How to wear it: Button the top button only.
Where to wear it: Any place, any time from boardroom to bar.
The 1-button suit is the cooler, hipper younger brother of the 2-button suit. While his bro is trying to slip the bouncer a $20, he struts in with two gorgeous ladies on each arm. A 1-button suit further accentuates the elongating and slimming benefits of a 2-button suit with an even lower button stance and deeper “V”. However, it’s possible that this suave look can be seen as a bit too cool – i.e., you run the slight risk of coming off a bit rakish in a conservative work environment. With that said, most people probably won’t even notice that it’s a 1-button. And finally, with more torso exposed, the 1-button is also great when you want to show off more of that dapper shirt / tie combo you put together. So if you’re in the mood to showcase some sartorial moxie, go for that 1-button suit.
How to wear it: If you can’t figure this one out, then we’re not even sure how you’ve gotten this far.
Where to where it: Stylish and formal social occasions, stylish office settings.
Whereas the 1-button is the cool, in-the-scene younger brother of the 2-button, the 3-button is the stiff, eccentric uncle from overseas. A 3-button suit has a high button stance, creating a shallow “V” and consequently, looks the most “buttoned-up”. Literally. Because it lacks the elongating effect of a 2-button or 1-button suit, the 3-button is the least forgiving and visually flattering (in our humble opinions). The 3-button is also the button type that seems to be most trend-elastic; it had its run and its run ended…in like 1995.
Okay, okay, so it’s old school and it doesn’t flatter most body types…but there has to be some reason why some guys would wear it right? Yup, if you’re a really tall guy (think like 6’4″ and up). These guys don’t need the elongating effect of a lower button stance – in fact, the higher button stance of a 3-button suit will balance out their height a bit and make them look more proportioned. So if you’re over 6’4” or waiting on grand kids or both, 3-button it up. Otherwise, caveat emptor.
How to wear it: Button the top and middle buttons or just the middle one; never button the bottom one.
Where to wear it: Anywhere other 3-button suit wearers congregate. NBA benches or Tall Clubs International (TCI) is a good place to start.
The 3-roll-2 (or 3/2 roll) is the cool uncle who has been living overseas and returns with an abundance of hilarious stories to entertain you with. Think of it as a hybrid of the 2-button and 3-button suits.
The 3-roll-2 is a 3-button suit masquerading as a 2-button suit. The top button is designed to be left unbuttoned with the lapel shaped to achieve this look. In fact, the lapel is shaped exactly like a 2-button suit, offering that same deep “V”.

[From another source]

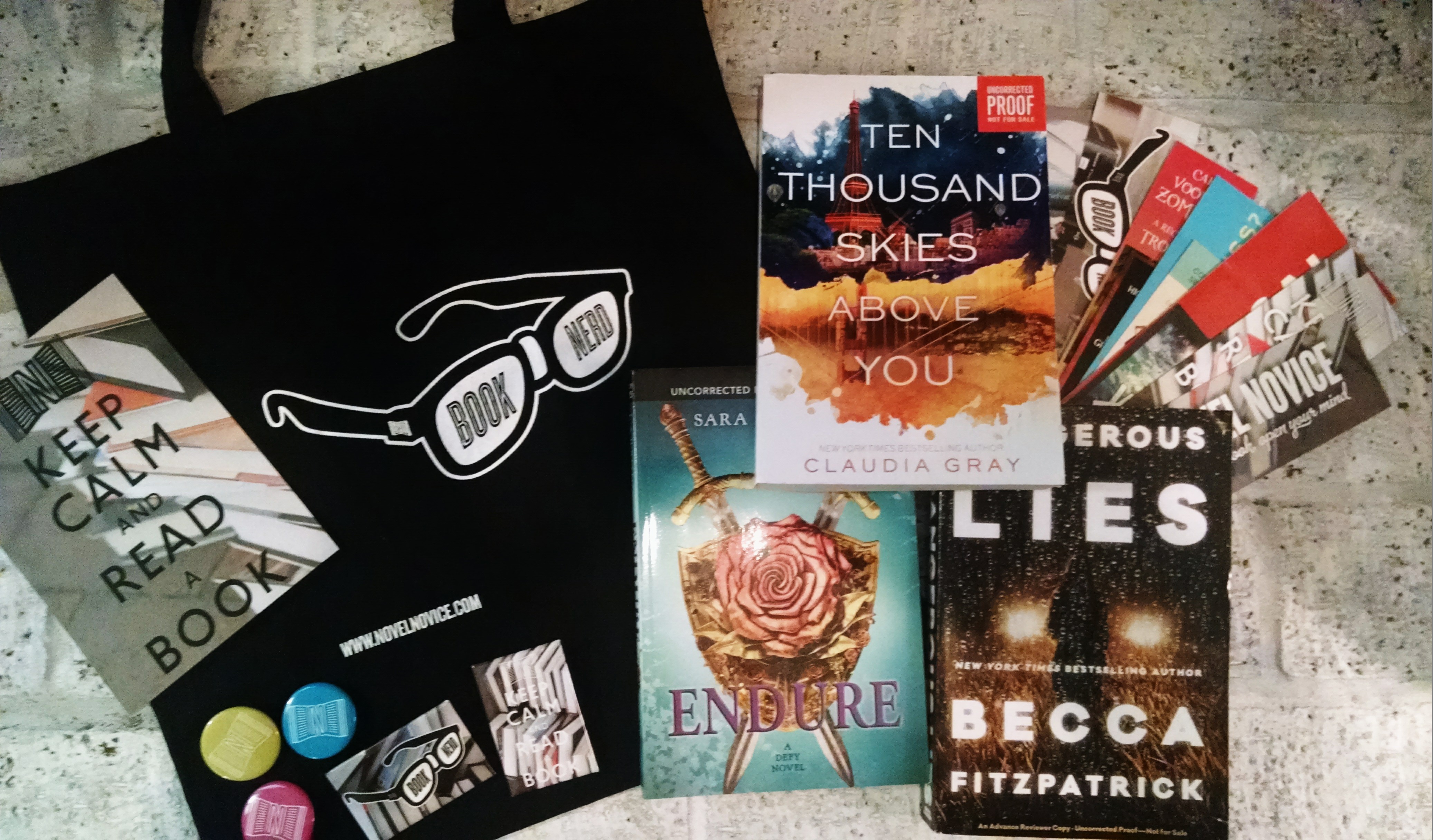 The prize pack will include: copies of Ten Thousand Skies Above You by Claudia Gray, Dangerous Lies by Becca Fitzpatrick, and Endure by Sara B. Larson, as well as a Novel Novice “Book Nerd” tote bag, a “Keep Calm & Read a Book” print, a complete set of Novel Novice buttons, plus bookmarks and assorted swag.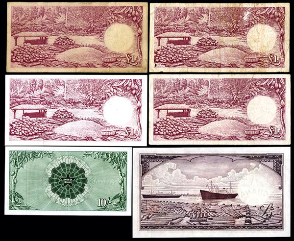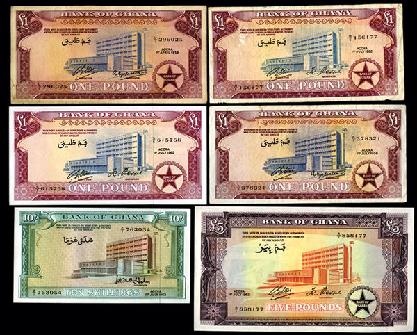 Ghana, Lot of 6 notes, Includes £1 (4), 1958, 1958, 1962 issues, VG to CU; 1963, 10/- Shillings, P-1d, Choice AU; £5, P-3d, Choice AU to Unc. Attractive assortment.

How to wear it: Button the middle button and leave the top and bottom ones unbuttoned.
Where to wear it: Anywhere you’d wear a 2-button suit but want a little extra sartorial punch.
Note: The 3-roll-2 suit is available at Black Lapel by special request.
Yeah, we all wanted to be like Mike back in the day. And now you can. Just put on a 4-button suit and smile.
You just read almost a thousand words on buttons. And you’re awesome and better off for doing it. Now when it comes to selecting your next suit, you’ll know why you want that ____-button suit instead of being a receptacle for a store’s excess inventory. Choose your buttons wisely, and as a smart man (okay, it was Glenn O’Brien) once said, “Dress for eternity.”